Task instructions =>
Retype every record exactly. Leave the pictures out.

── Extracted entries

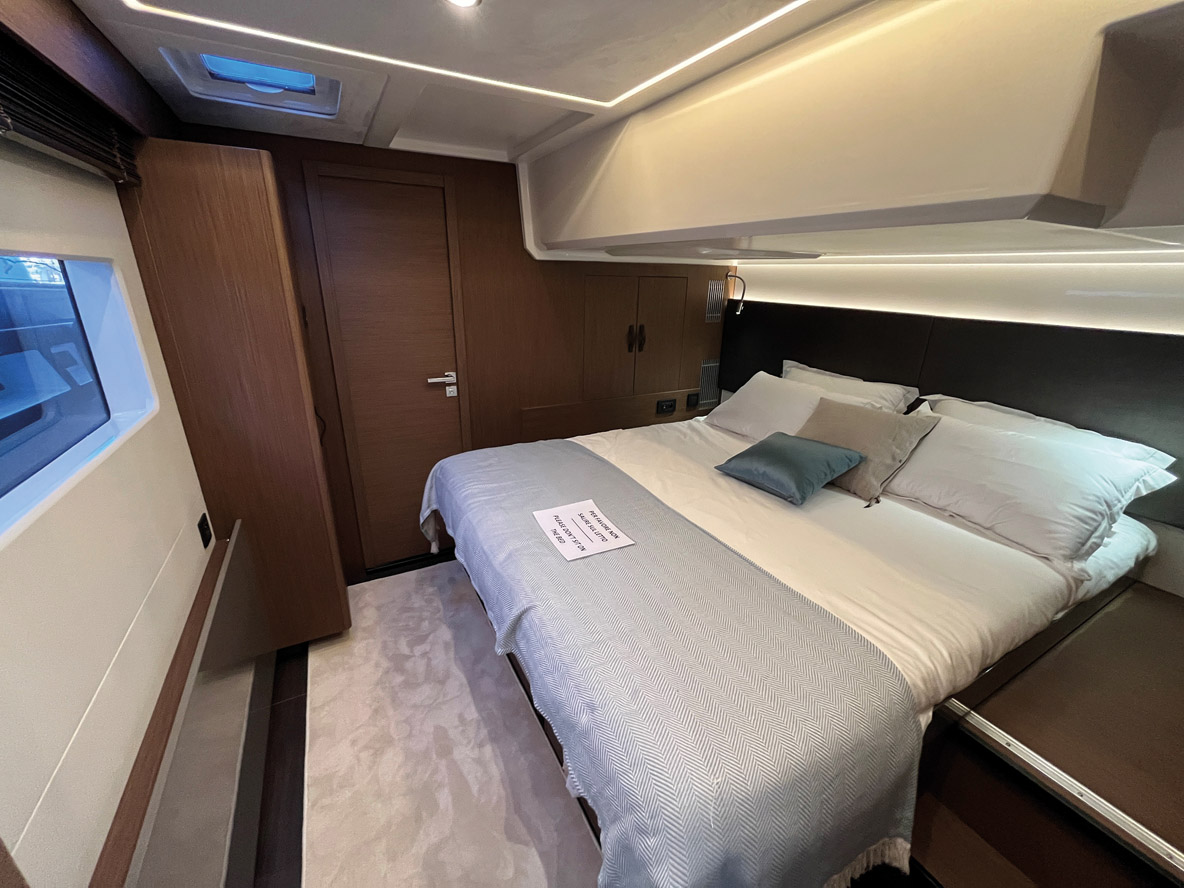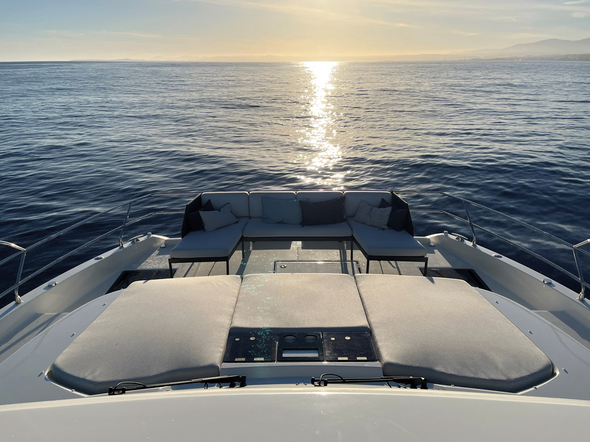 Vu la hauteur du franc-bord, l’accès à bord s’effectue par une des deux jupes arrière ou via la grande plate-forme hydraulique. Dans l’imposant tableau arrière se cache une véritable soute aussi imposante qu’inhabituelle. Un bastingage pivotant – il suffit de le soulever pour le libérer – effectue un quart de tour pour sécuriser la zone lors des navigations. Dès les premiers pas à bord du M48, on est surpris par le niveau de finition. Les matériaux, pour commencer, sont tous qualitatifs. Les assemblages sont irréprochables, et partout les cinétiques des éléments mobiles sont bien pensés. On sent tout de suite que le constructeur est à son affaire à l’heure de la conception des aménagements. Produire plus de 300 vedettes haut de gamme de 40 à 70 pieds par an y est certainement pour quelque chose. Restons encore sur le pont avant de découvrir l’intérieur. Les passavants, malgré la relative étroitesse du powercat, affichent toujours une largeur supérieure à 40 cm. La marche vers l’avant n’est pas gênante. Un pavois dont la hauteur oscille entre 15 et 25 cm assure une bonne protection lors des déplacements, d’autant que le bastingage est costaud et les mains courantes partout présentes. Côté tribord, une porte de coupée assure un accès direct à l’intérieur. L’ouverture est petite (106 x 54 cm), ce qui oblige à se plier un peu en deux pour passer, mais elle a le mérite d’exister. La plage avant est dédiée au farniente, avec un vaste bain de soleil et un canapé, installé à poste fixe tout à l’avant. L’assise est évidemment particulièrement exposée en navigation et génère un fardage non négligeable – il s’agit d’une option dont on peut, selon nous, se passer. Le pontage avant recèle également des rangements – ils sont très nombreux à bord – et deux accès tout à l’avant de chaque coque. On peut installer ici une cabine skipper et une salle d’eau.
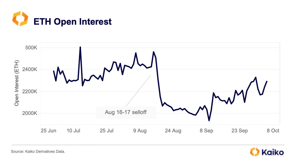 Otevřený zájem (množství otevřených kontraktů) u perpetuálních futures na ETH od začátku září naopak rostl. Takzvaná funding rate, tedy sazba, která představuje rozdíl mezi cenou na trhu s perpetuálními futures a cenou indexu, jenž odpovídá spotovému trhu podkladového aktiva, zůstávala neutrální, a místy se dokonce propadla do záporu. To naznačuje, že trh aktuálně postrádá jasný směr.
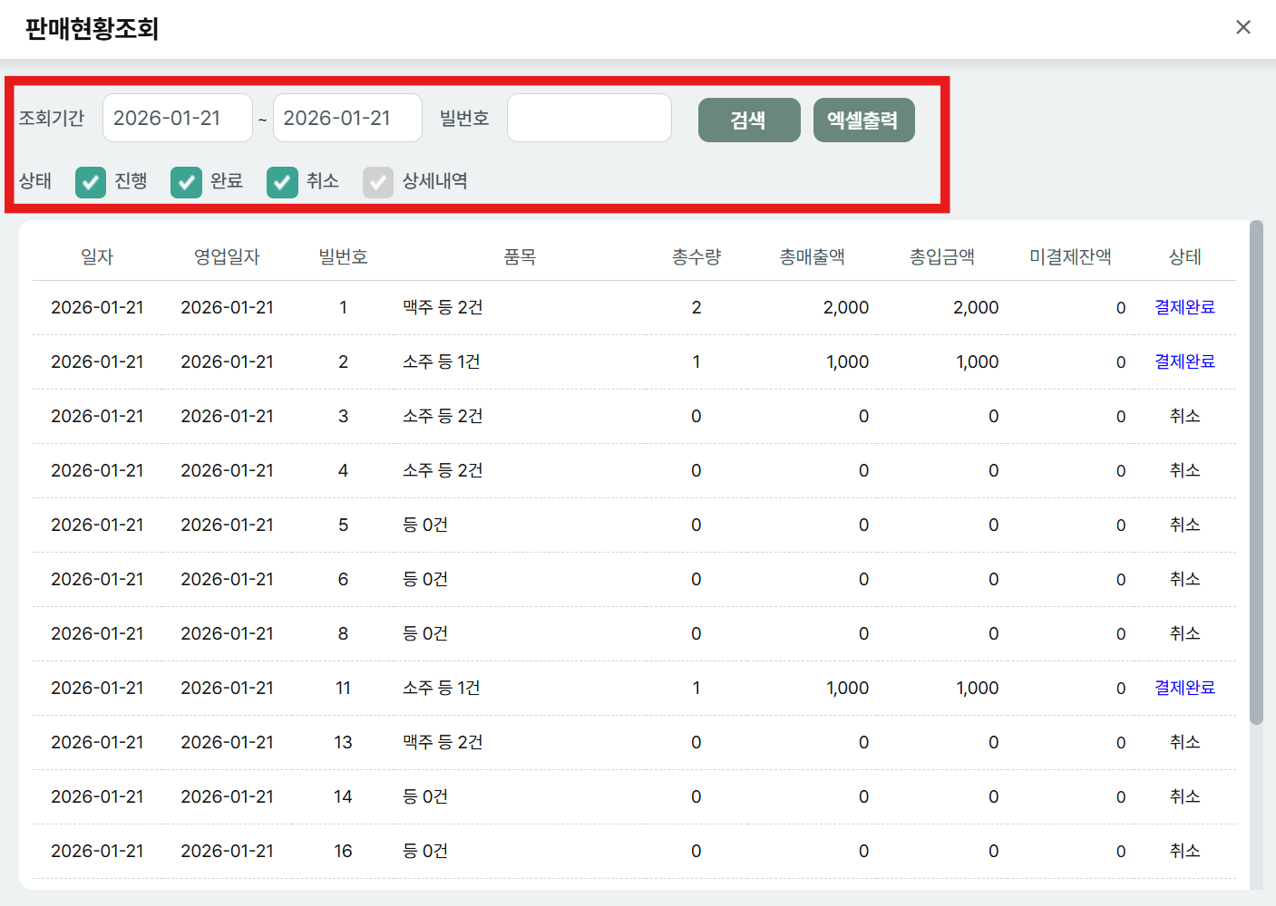 검색 시, 해당 일자의 빌번호/품목총수량/총매출액/총입금액/미결제잔액/상태 확인 가능
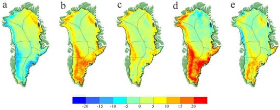The Moderate Resolution Imaging Spectroradiometer (MODIS) is a polar-orbiting, 36-channel, and across-track scanning spectro-radiometer whose images cover the whole region of the planet every one to two days. MODIS is on board the Terra and Aqua satellites of the NASA Earth Observation System (EOS), with data dating back to 2000 and 2002, respectively. The 1-d L3 Global Land Surface Temperature and Emissivity product (MOD11A1, discussed in detail in Wan []) Version 6, considered a proxy for the intensity of summer melting, was used to monitor the spatial and temporal evolution of mean LST on the GrIS. The MODIS Reprojection Tool was used for data Mosaic and projection transformation. According to the processing method of Qie et al. [], 2 K was set as the threshold, and data with an error less than 2 K was used as the data for analysis. Pixels with an error greater than 2 K were removed. Meanwhile, as the ice surface temperature is less than or equal to 0 °C, a few spurious pixels (>0 °C) were calculated as 0 °C when calculating the mean LST [].
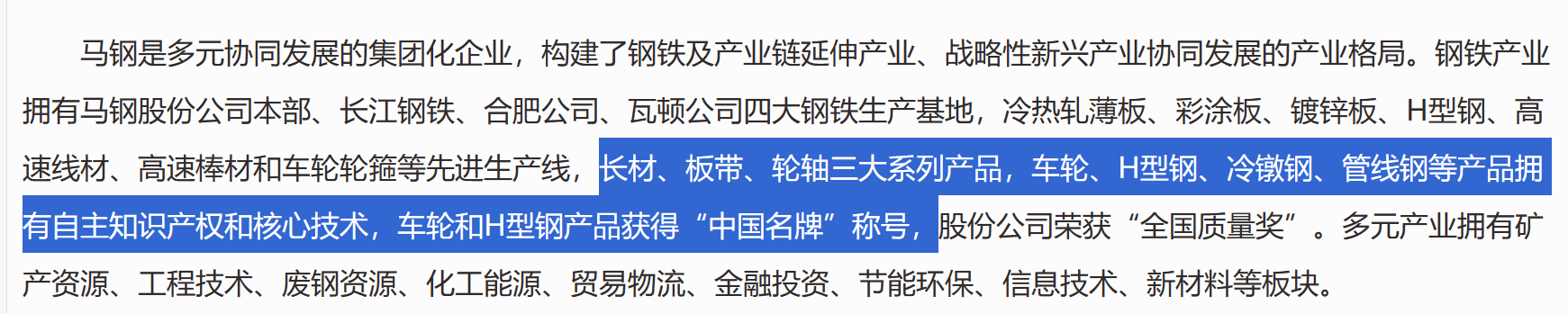 马钢是一家碳钢企业,曾有“江南一枝花”的美誉,按照其官网介绍,主打产品长材、板带和轮轴。2019年进入巨无霸宝武集团,最近头条有不少舆论认为马钢进入宝武出现了亏损,是宝武拖累了其发展。

────

Output =>
 Vu la hauteur du franc-bord, l’accès à bord s’effectue par une des deux jupes arrière ou via la grande plate-forme hydraulique. Dans l’imposant tableau arrière se cache une véritable soute aussi imposante qu’inhabituelle. Un bastingage pivotant – il suffit de le soulever pour le libérer – effectue un quart de tour pour sécuriser la zone lors des navigations. Dès les premiers pas à bord du M48, on est surpris par le niveau de finition. Les matériaux, pour commencer, sont tous qualitatifs. Les assemblages sont irréprochables, et partout les cinétiques des éléments mobiles sont bien pensés. On sent tout de suite que le constructeur est à son affaire à l’heure de la conception des aménagements. Produire plus de 300 vedettes haut de gamme de 40 à 70 pieds par an y est certainement pour quelque chose. Restons encore sur le pont avant de découvrir l’intérieur. Les passavants, malgré la relative étroitesse du powercat, affichent toujours une largeur supérieure à 40 cm. La marche vers l’avant n’est pas gênante. Un pavois dont la hauteur oscille entre 15 et 25 cm assure une bonne protection lors des déplacements, d’autant que le bastingage est costaud et les mains courantes partout présentes. Côté tribord, une porte de coupée assure un accès direct à l’intérieur. L’ouverture est petite (106 x 54 cm), ce qui oblige à se plier un peu en deux pour passer, mais elle a le mérite d’exister. La plage avant est dédiée au farniente, avec un vaste bain de soleil et un canapé, installé à poste fixe tout à l’avant. L’assise est évidemment particulièrement exposée en navigation et génère un fardage non négligeable – il s’agit d’une option dont on peut, selon nous, se passer. Le pontage avant recèle également des rangements – ils sont très nombreux à bord – et deux accès tout à l’avant de chaque coque. On peut installer ici une cabine skipper et une salle d’eau.
 Otevřený zájem (množství otevřených kontraktů) u perpetuálních futures na ETH od začátku září naopak rostl. Takzvaná funding rate, tedy sazba, která představuje rozdíl mezi cenou na trhu s perpetuálními futures a cenou indexu, jenž odpovídá spotovému trhu podkladového aktiva, zůstávala neutrální, a místy se dokonce propadla do záporu. To naznačuje, že trh aktuálně postrádá jasný směr.
 검색 시, 해당 일자의 빌번호/품목총수량/총매출액/총입금액/미결제잔액/상태 확인 가능
The Moderate Resolution Imaging Spectroradiometer (MODIS) is a polar-orbiting, 36-channel, and across-track scanning spectro-radiometer whose images cover the whole region of the planet every one to two days. MODIS is on board the Terra and Aqua satellites of the NASA Earth Observation System (EOS), with data dating back to 2000 and 2002, respectively. The 1-d L3 Global Land Surface Temperature and Emissivity product (MOD11A1, discussed in detail in Wan []) Version 6, considered a proxy for the intensity of summer melting, was used to monitor the spatial and temporal evolution of mean LST on the GrIS. The MODIS Reprojection Tool was used for data Mosaic and projection transformation. According to the processing method of Qie et al. [], 2 K was set as the threshold, and data with an error less than 2 K was used as the data for analysis. Pixels with an error greater than 2 K were removed. Meanwhile, as the ice surface temperature is less than or equal to 0 °C, a few spurious pixels (>0 °C) were calculated as 0 °C when calculating the mean LST [].
 马钢是一家碳钢企业,曾有“江南一枝花”的美誉,按照其官网介绍,主打产品长材、板带和轮轴。2019年进入巨无霸宝武集团,最近头条有不少舆论认为马钢进入宝武出现了亏损,是宝武拖累了其发展。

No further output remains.